Born in Australia in 1983 and now living and working in New York in the field of Fine Art and Commercial Photography.
A wide range of environments and character types are explored in the works of New York City-based Dean West. The Australian-born (1983) artist who studied at the Queensland College of Art, is best known for his intricate and highly staged photographs that take everyday occurrences beyond the realm of natural reality.
In 2015 West started working with themes based around memory, recreating moments, either from stories recounted to him by friends, or from his own memories, blurring the boundaries of fact and fiction to gloriously theatrical effect. West’s style is an usual but utterly compelling method for constructing a photograph. The results are strangely cinematic – like day-to-day situations that have had the animation sucked out of them; oneiric, fantastical set-ups that echo with old school Americana.

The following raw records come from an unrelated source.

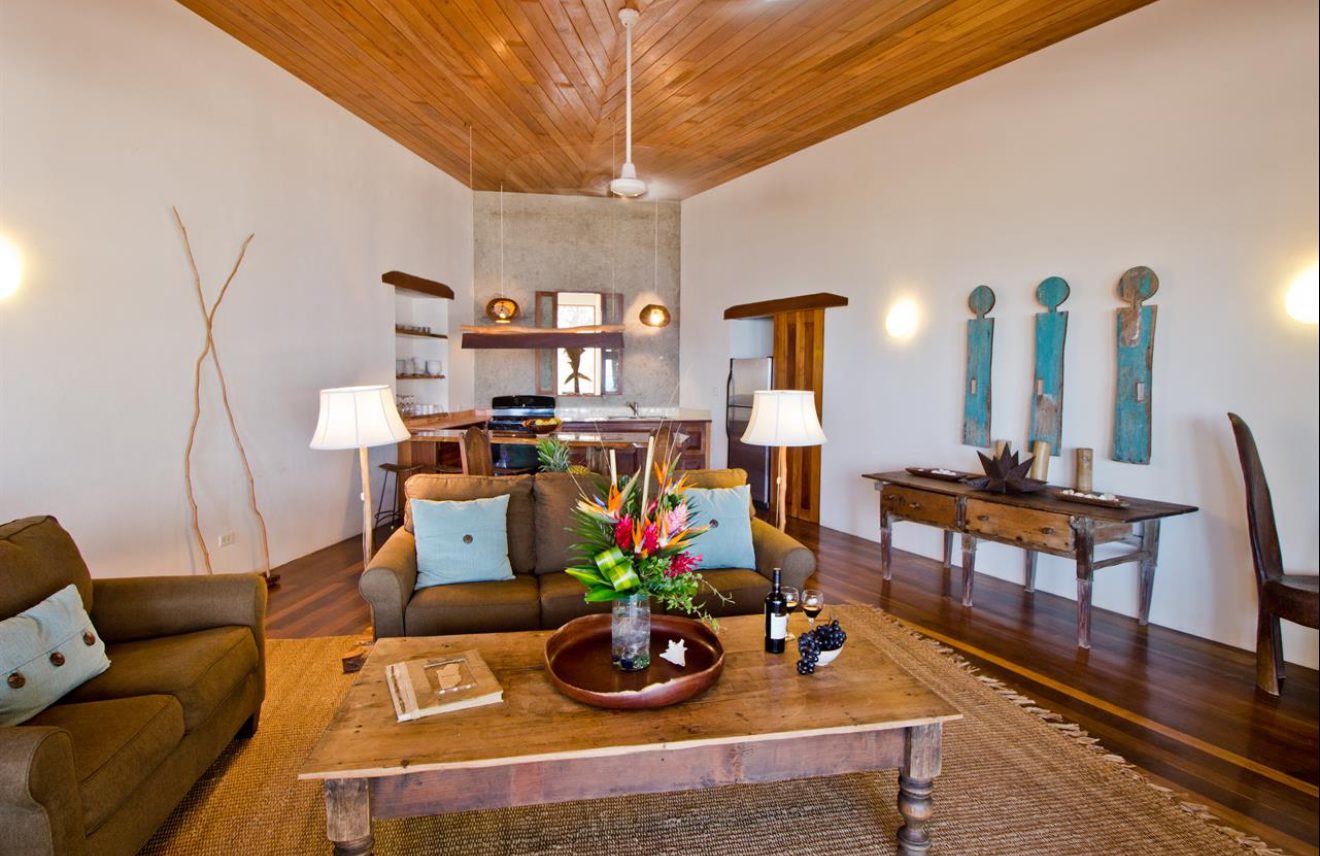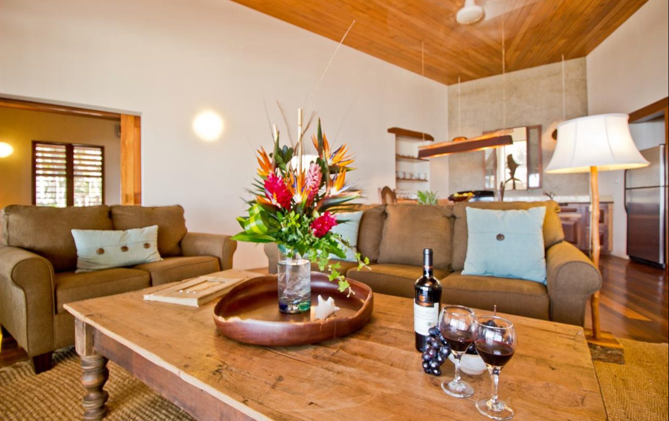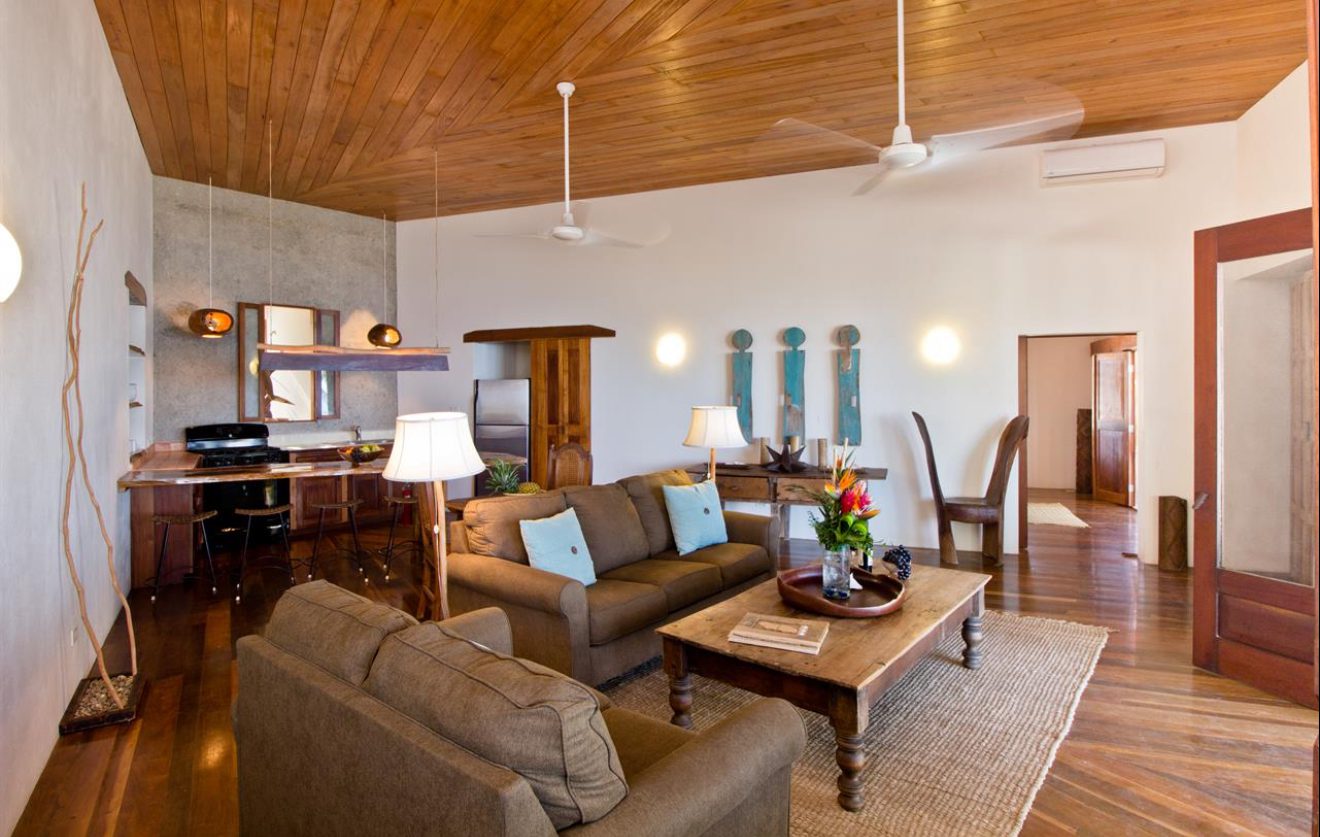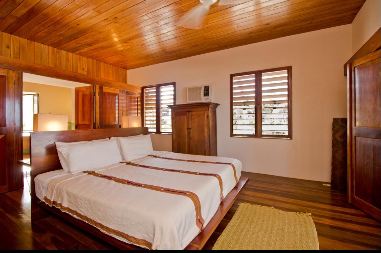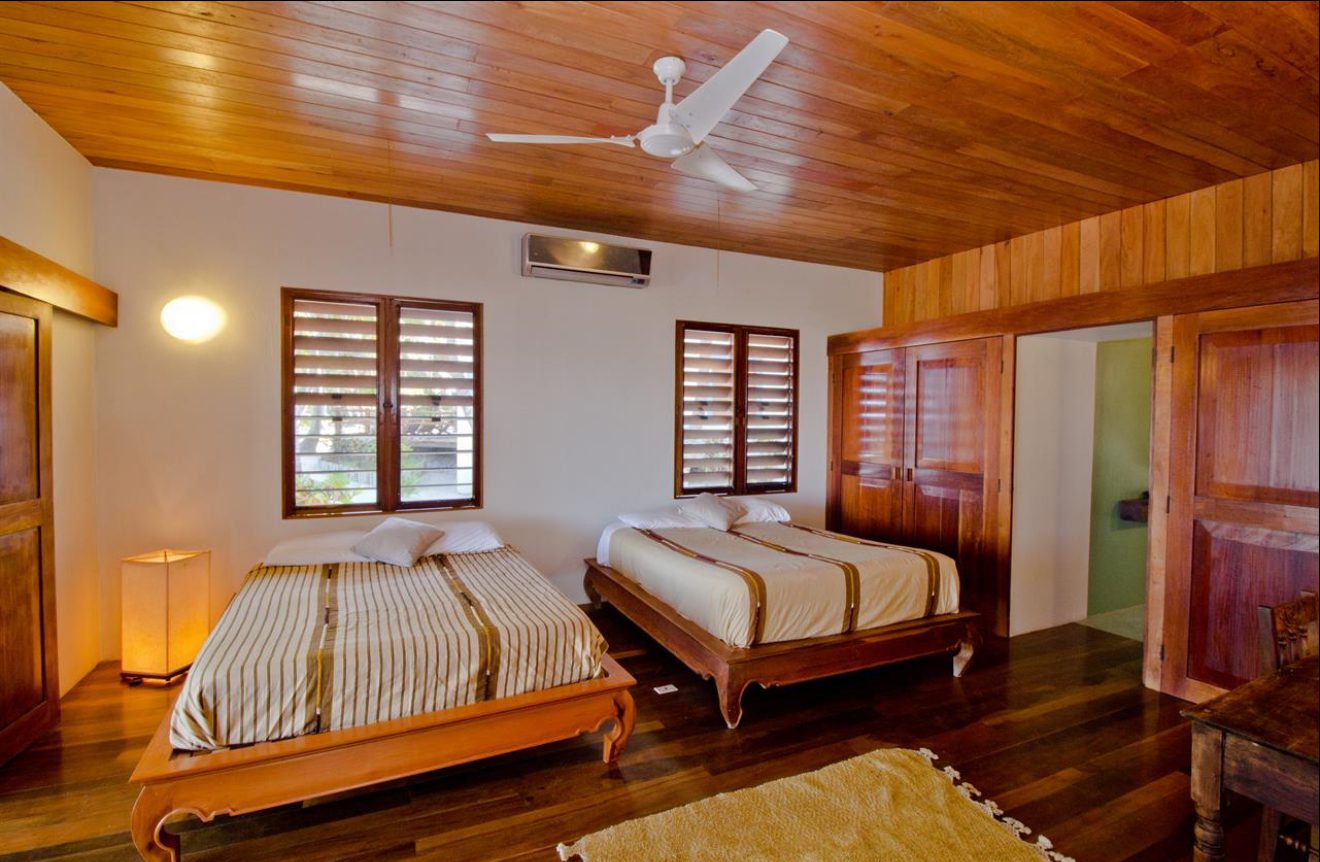 Designed with relaxation and functionality in mind, the villa features an open, flowing layout that maximizes natural light and sea views. Each bedroom is fully air-conditioned and beautifully finished with rich wooden flooring, painted ceilings, and tasteful wall colors that enhance the villa’s coastal charm. Both bedrooms open onto their own private screened-in decks, creating peaceful spaces to unwind while enjoying the ocean breeze.
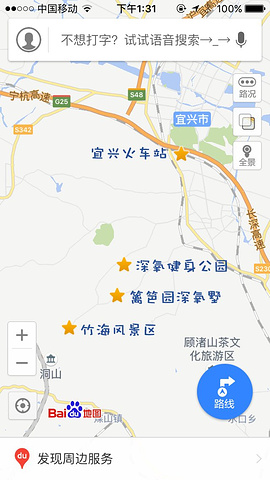 不过我这次主要是在湖㳇周边活动,主要去了深氧公园体验茶园、宜兴竹海公园体会竹林,大家可以看到当时在地图上标记,一张图告诉你各个景点间的距离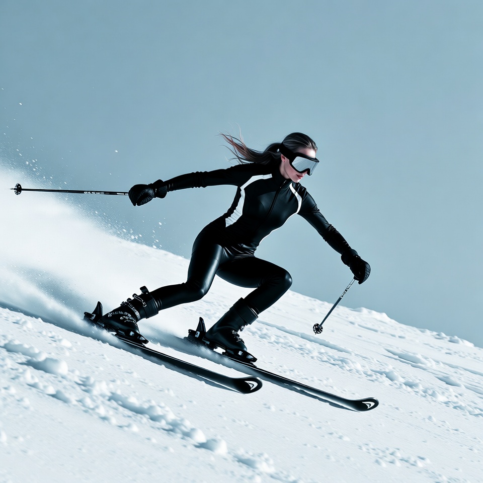 A person is skiing down a snowy slope with snow flying behind. The setting is a bright winter day, and they wear winter gear.

Dedicated to the vast possibilities of digital photography as both a medium and a cultural epoch, West’s narratives draw inspiration from the total diversity offered by the visual arts. While the tableau photography of Stan Douglas and Jeff Wall inform West’s understanding of photography as a form of contemporary communication, the paintings of David Hockney and Edward Hopper provide evident aesthetic direction. The fictional world of cinema and the functional language of advertising have also clearly left their mark and taught lessons of their own.